Y es entonces cuando el tiempo vuelve a detenerse, imagen trillada donde las haya pues el tiempo o no se detiene nunca o está detenido desde siempre, digamos entonces que el contínuum del tiempo sufre un escalofrío, o digamos que el tiempo abre las patotas y se agacha y mete la cabeza entre las ingles y me mira al revés, unos centímetros tan sólo más abajo del culo, y me guiña un ojo loco, o digamos que la luna llena o creciente o la oscura luna menguante del DF vuelve a deslizarse por las baldosas del lavabo de mujeres de la cuarta planta de la Facultad de Filosofía y Letras, o digamos que se levanta un silencio de velatorio en el café Quito y que sólo escucho los murmullos de los fantasmas de la corte de Lilian Serpas y que no sé, una vez más, si estoy en el 68 o en el 74 o en el 80 o si de una vez por todas me estoy aproximando como la sombra de un barco naufragado al dichoso año 2000 que no veré.
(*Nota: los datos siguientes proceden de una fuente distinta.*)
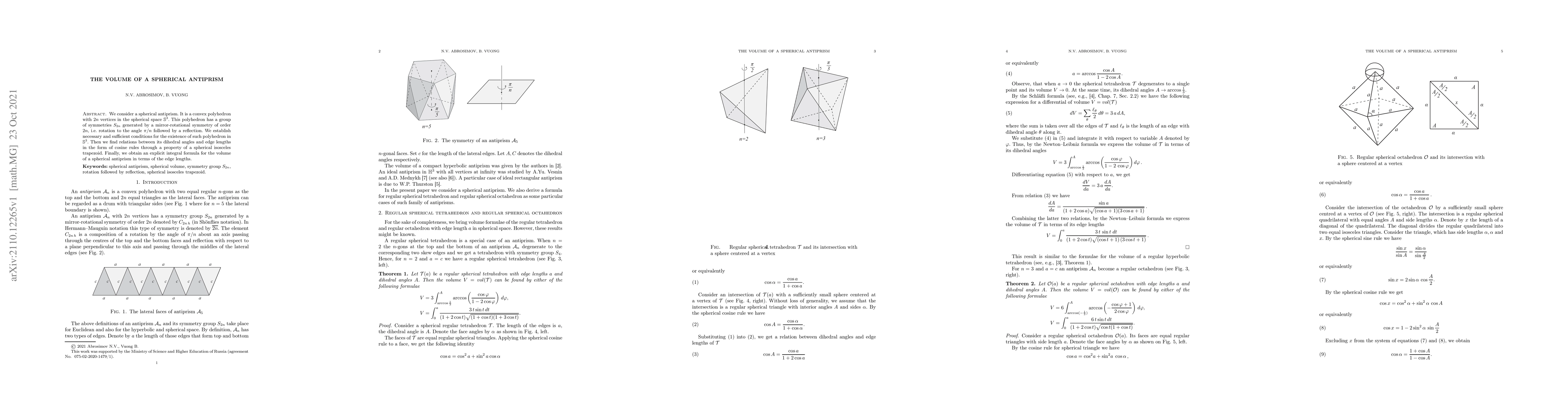 We consider a spherical antiprism. It is a convex polyhedron with $2n$ vertices in the spherical space $\mathbb{S}^3$. This polyhedron has a group of symmetries $S_{2n}$ generated by a mirror-rotational symmetry of order $2n$, i.e. rotation to the angle $\pi/n$ followed by a reflection. We establish necessary and sufficient conditions for the existence of such polyhedron in $\mathbb{S}^3$. Then we find relations between its dihedral angles and edge lengths in the form of cosine rules through a property of a spherical isosceles trapezoid. Finally, we obtain an explicit integral formula for the volume of a spherical antiprism in terms of the edge lengths.

Sea lo que sea, algo pasa con el tiempo. Yo sé que algo pasa con el tiempo y no digamos con el espacio.

Yo presiento que algo pasa y que además no es la primera vez que pasa, aunque tratándose del tiempo todo pasa por primera vez y aquí no hay experiencia que valga, lo que en el fondo es mejor, porque la experiencia generalmente es un fraude.

Y entonces Lilian (que es la única indemne en esta historia, porque ella ya lo ha sufrido todo) me pide, una vez más, el primer y el último favor que me va a pedir en toda su vida.

Dice: es tarde. Dice: qué linda estás, Auxilio. Dice: a menudo pienso en ti, Auxilio. Y yo la observo y observo el techo del café Quito en donde los dos jóvenes soñolientos siguen trabajando o haciendo como que trabajan subidos en un andamio pésimamente construido y luego la vuelvo a observar a ella, que habla no mirándome a la cara sino mirando su vaso grande y grueso de café con leche, mientras escucho por un oído sus palabras y por el otro los gritos que los habituales del café Quito dirigen a los jóvenes del andamio, frases que constituyen un ritual de iniciación masculina, colijo, o frases que pretenden ser cariñosas pero que sólo son premonitorias de un desastre que no sólo arrastrará a la pareja de pintores de brocha gorda (o fontaneros o electricistas, no lo sé, yo sólo los vi, yo todavía los veo mientras la luna cruza enloquecida cada una de las baldosas del lavabo de mujeres como si esa singladura contuviera toda la subversión posible, y eso me espanta) sino también a ellos, los vociferantes, los que aconsejan, nosotros.